FanFic - Other
"Beggars Would Ride"
Part 1
by Stephanie A
Disclaimer: The characters and plot of Roswell aren't mine. No infringement intended.
Summary: Liz is dead...
Category: Other
Rating: PG
Max:

It's the last dance of the evening. The lights have dimmed to pale haze over the floor, trickling off to pulsating shadows where, around the doors, the masses spill out into the night, and the serious pairs entwine and sway like so many pretty bits of daisy chains fragmented in pairs on the floor.

There's no one to chastise or notice when I pull you out onto the furthest edge of the lingering, muted final song, away from all the other oblivious lovers. You have let your dark hair fall all around your face, and you hide behind it, and against my chest as I pull you close to me.

I don't know the song, but does that really matter?
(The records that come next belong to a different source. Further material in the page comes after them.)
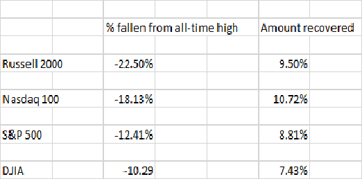 美国四大股指(标普500指数、纳斯达克100指数、道指和Russell 2000指数)中,如果按历史高点以来的跌幅衡量,Russell 2000指数的表现最差。这个小盘股指相比202111月创下的历史高点下跌超过22.5%,进入熊市区域。到目前为止,该股指收复了9.5%的失地。请看下面的对比图:
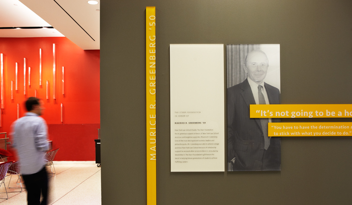Upon entering the lobby, visitors are greeted with a mural honoring Maurice Greenberg, an esteemed alumnus and generous supporter of the School. The mural includes a portrait of Greenberg and a brief biography of the School’s chairman and successful CEO. A commanding graphic element consisting of bold yellow, horizontal bars contain notable quotes by Greenberg illustrating the indelible impact his experiences at the School have made on him.
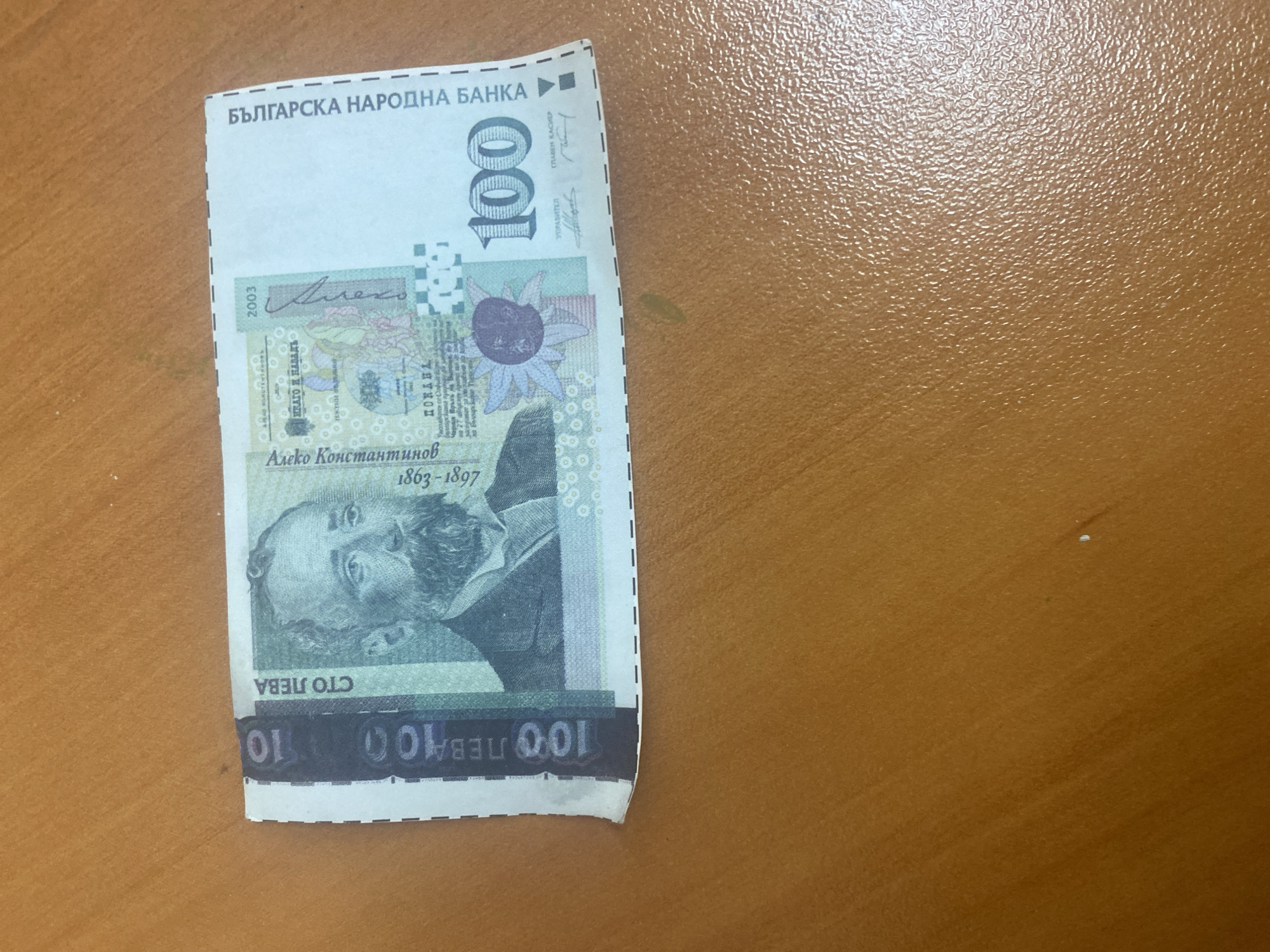 - "The image displays a single Bulgarian 100 leva banknote, issued in 2003, positioned on a textured, light brown to orange-brown surface, likely a tabletop" by FM-0I7en1, licensed under CC BY 4.0
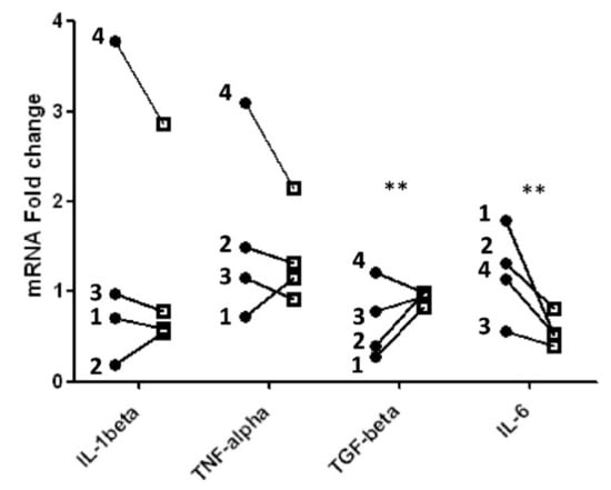 mRNAs for pro-inflammatory cytokines, including Interleukin (IL)-1β, IL-6, Tumor Necrosis Factor (TNF) -α, and for anti-inflammatory cytokines, including IL-4, IL-10 and Transforming Growth Factor (TGF)-β obtained from blood mononuclear cells, were analyzed by real-time PCR.
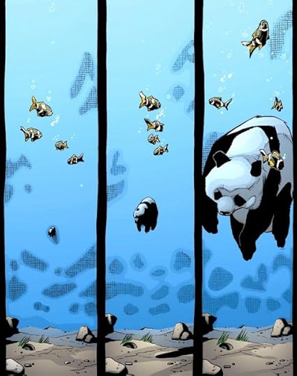 One day, most of San Diego (including, yes, the convention center) plunges into the Pacific Ocean, and Aquaman has to (a) try and save anyone he can, (b) figure out what the hell happened, and (c) help the survivors adjust to their new lives as ... water breathers. It's a big, epic, superhero story that includes a trip to the Justice League headquarters on the moon, guest appearances by Batman and the Martian Manhunter and, to kick things off, this page featuring an adorable panda in a less-than-adorable situation ...
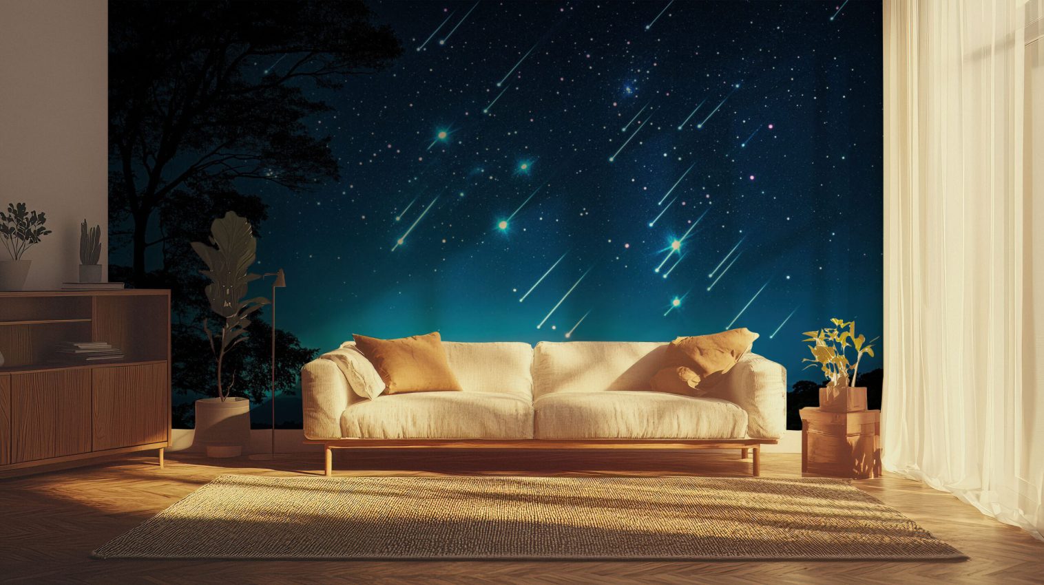 Transform your space with a breathtaking wallpaper featuring a serene night sky filled with shooting stars. This design brings a sense of wonder and tranquility, perfect for creating a calming atmosphere. Available in both Peel and Stick and Non-Woven Traditional material types.

I don't think I would remember if I could sing it, because there will be no more dances after this one, and the lights will fade out completely, and at this moment there is only dancing with you.
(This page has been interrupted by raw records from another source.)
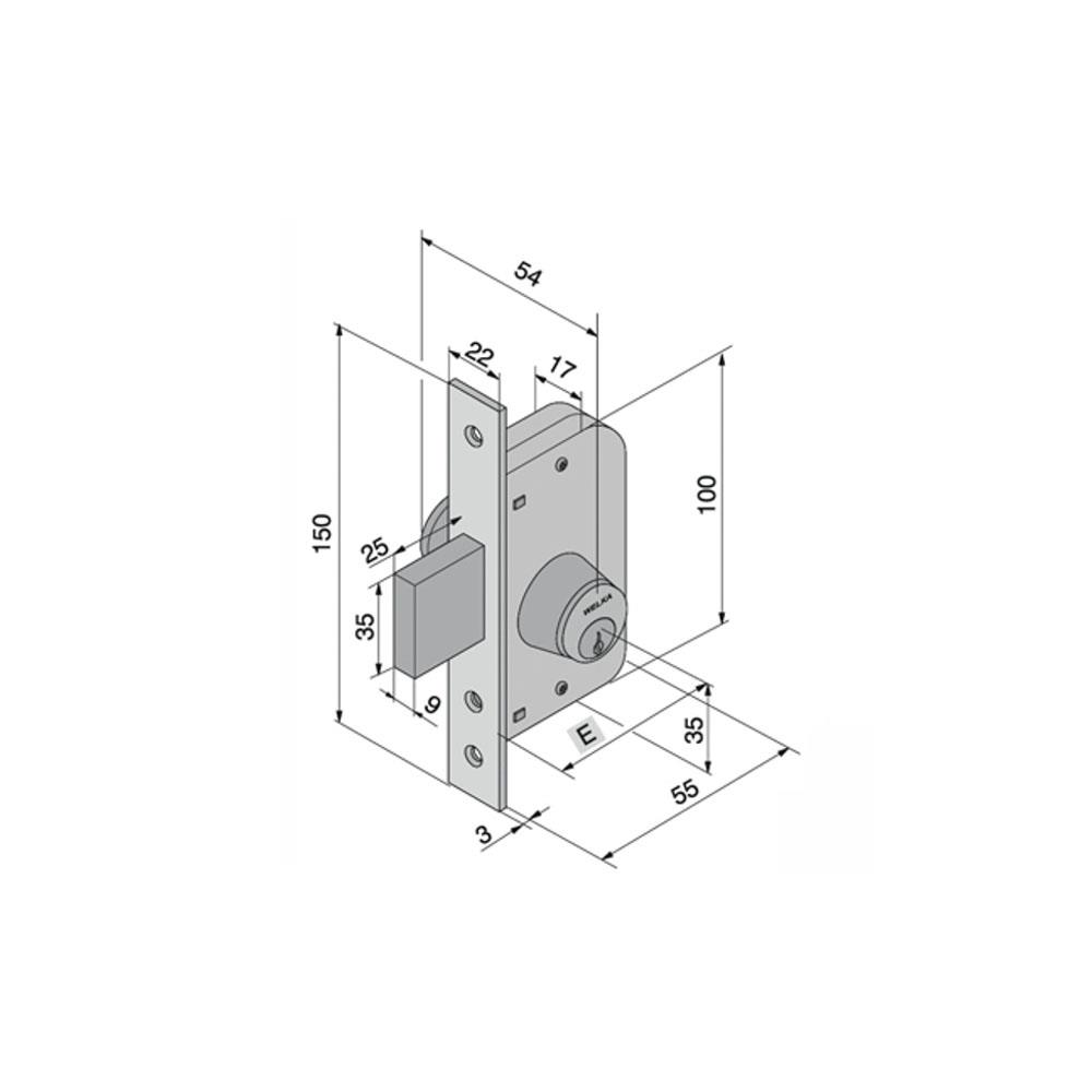 Serratura cancelli/porte ferro infilare Acciaio zincato Solo catenaccio Scatola mm 55x100 - Frontale mm 22x150 Entrata mm 30 - Cilindro serie 605.00.00
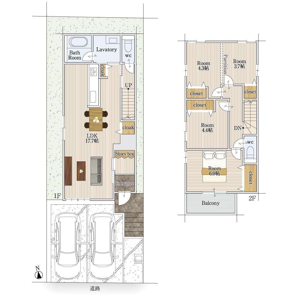2号地は将来的に間仕切りで3LDK→4LDKへ変更可能な間取りで、ライフステージに沿った暮らしができます。
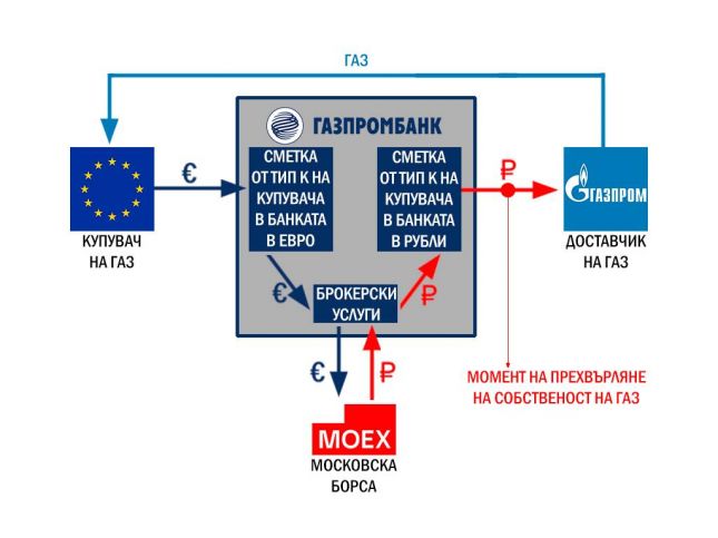 Посолството на Руската федерация у нас публикува във фейсбук схема с новия ред на плащания за доставките на руски газ.

I don't look into your eyes as I pull you close, burying my nose in the soft, fragrant bed of your hair, losing my eyelashes and vision in the cloud. Just a trembling breath, and your hands at the base of my neck, tapping lightly at the top of my spine. Our bodies drawn up against each other, holding on to the warmth we have accumulated this night. Trying to make the moment last with the dying brightness. Rather than black, it turns red around the edges, like a gothic Valentine.
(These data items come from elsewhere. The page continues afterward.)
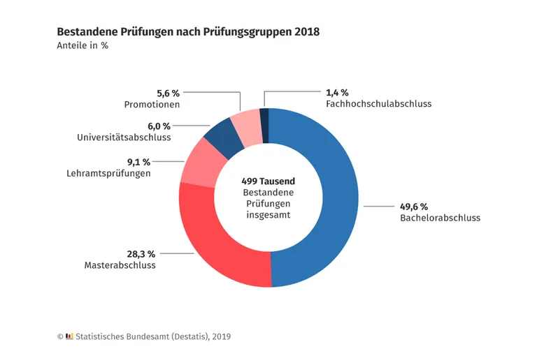Jedes zweite Examen (247.200) führte im Prüfungsjahr 2018 zu einem Bachelorabschluss (ohne Lehramt). Im Vergleich zum Vorjahr sank die Zahl der Bachelorabschlüsse leicht um 2 %. Einen Rückgang gab es zudem bei den Promotionen (-2 % auf 27.900), den herkömmlichen universitären Abschlüssen (-7 % auf 30.000) und den herkömmlichen Fachhochschulabschlüssen (-12 % auf 7.200). Dagegen erhöhte sich die Zahl der Masterabschlüsse (141.000) und der Lehramtsprüfungen (45.500) gegenüber dem Prüfungsjahr 2017 jeweils um 3 %.
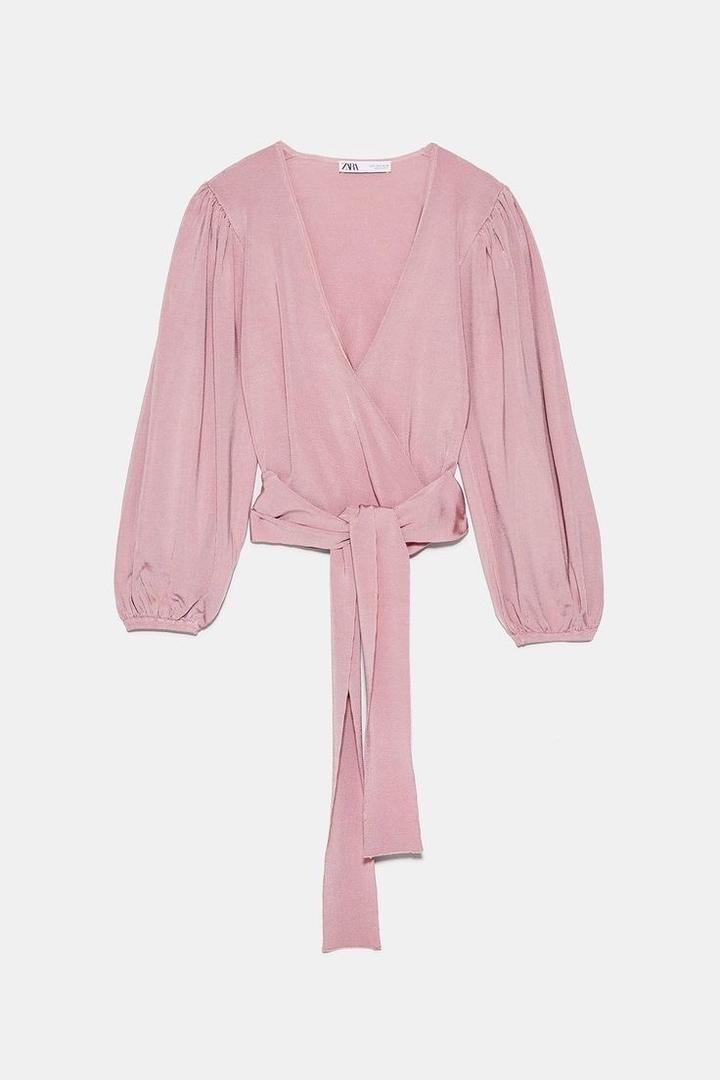 Love Republic кардиган на запах с поясом (пудрово-розовый) V-образный вырез • объёмные рукава-фонарики до локтя • широкий пояс-завязка • укороченная длина Артикул: 483878
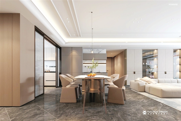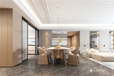 本案为意式轻奢风格,设计师大量采用原木、留白的处理手法,隐藏关于设计痕迹,用材质与肌理为空间刻下时光的印记,营造整体雅致的度假氛围。
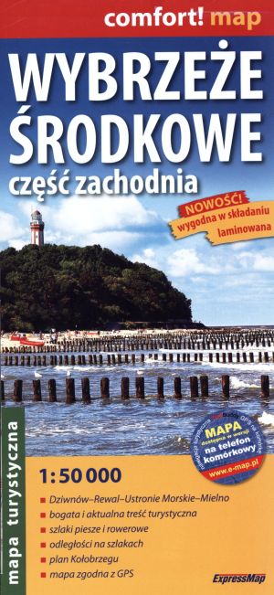 Wybrzeże Środkowe, część zachodnialaminowana mapa turystyczna 1:50 000format: 100 x 48 cm, po złożeniu 11 x 24 cmDwustronnie laminowana, łatwa w składaniu i trwała mapa turystyczna, pokazująca obszar od Wolińskiego Parku Narodowego aż po Koszalin. Obejmuje m.in. Dziwnów, Kamień Pomorski, Pobierowo, Rewal, Niechorze, Trzebiatów, , Mrzeżyno, Dźwirzyno, Kołobrzeg, Ustronie Morskie, Mielno, Karlino.mapa opracowana we współpracy z doświadczonymi krajoznawcami z regionudogodna zarówno dla pieszego, jak i rowerzysty skala 1:50 000 (1 cm ? 500 m)bogata treść turystyczna, m.in.: szlaki piesze i rowerowe oraz ścieżki dydaktyczne i spaceroweodległości na szlakach, muea, zabytki i inne interesujące obiektyparki narodowe, rezerwaty przyrody, atrakcje przyrodniczepoziomice pokazujące ukształtowanie terenumapa zgodna z GPS ? współrzędne geograficzne w układzie WGS-84plan Kołobrzegu w szczegółowej skali 1:15 000 (1 cm ? 150 m)
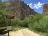 I was initially puzzled by the difference in trail length listed in different placed. When I took the hike, I realized it is a function of how high or low the river is. When we went, it was very low, so the hike was a bit longer into the gravelly base of the canyon. One of my travel companions bailed out, though, since parts of the trail are very steep and there are no rails. Be prepared!
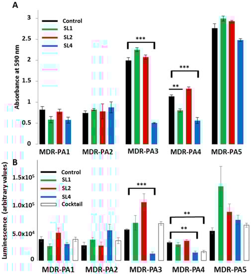 Reduction of 24 h-old biofilms of multi-drug resistant P. aeruginosa strains (MDR-PA1-5) by phages SL1, SL2, and SL4 and a cocktail with all three phages (phage incubation for 3 h, MOI 100): (A) Crystal violet assay; and (B) ATP-dependent luminescence assay. Each experiment was performed in triplicate and the means ± standard errors are indicated. Statistical significance of biofilm reduction was assessed by performing Student’s t-test. Note that the effect of the cocktail was only evaluated with the method in (B). p-Values: *** p < 0.001, ** p < 0.01, * p < 0.05.
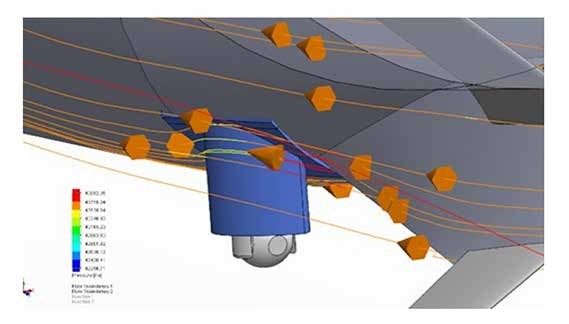 En la Figura 5 se observa cómo se orientan las líneas de fluido sobre el carenado, diseñado para reducir la fuerza de drag del sensor electróptico, que se instalará en la parte exterior del avión.

And you, so pale, are the lace on the edges, my beautiful constant.

I can't tell beginning from end from climax in this melody I don't recognize. I hope we can just keep dancing until it ends. Embracing you, and swaying in the nonexistent breeze. The air stands still. It can never really be over, can it?

Everyone is getting tired, leaving, the hollow, leaning dark at the fringes closing in until there's only us in that whispered song, that last dance that was never really meant for anyone but us. It doesn't stop, but plays on loop, over and over, as if any given moment could possibly repeat itself.

Yet we have been here a thousand times before.

After hours, minutes, light years, we pull apart. They call it final for one reason- it has to end. There is no entrance, no exit to that thick, opaque crimson, and you blend into it, turning, dissolving at the edges before kissing me good-bye for the night.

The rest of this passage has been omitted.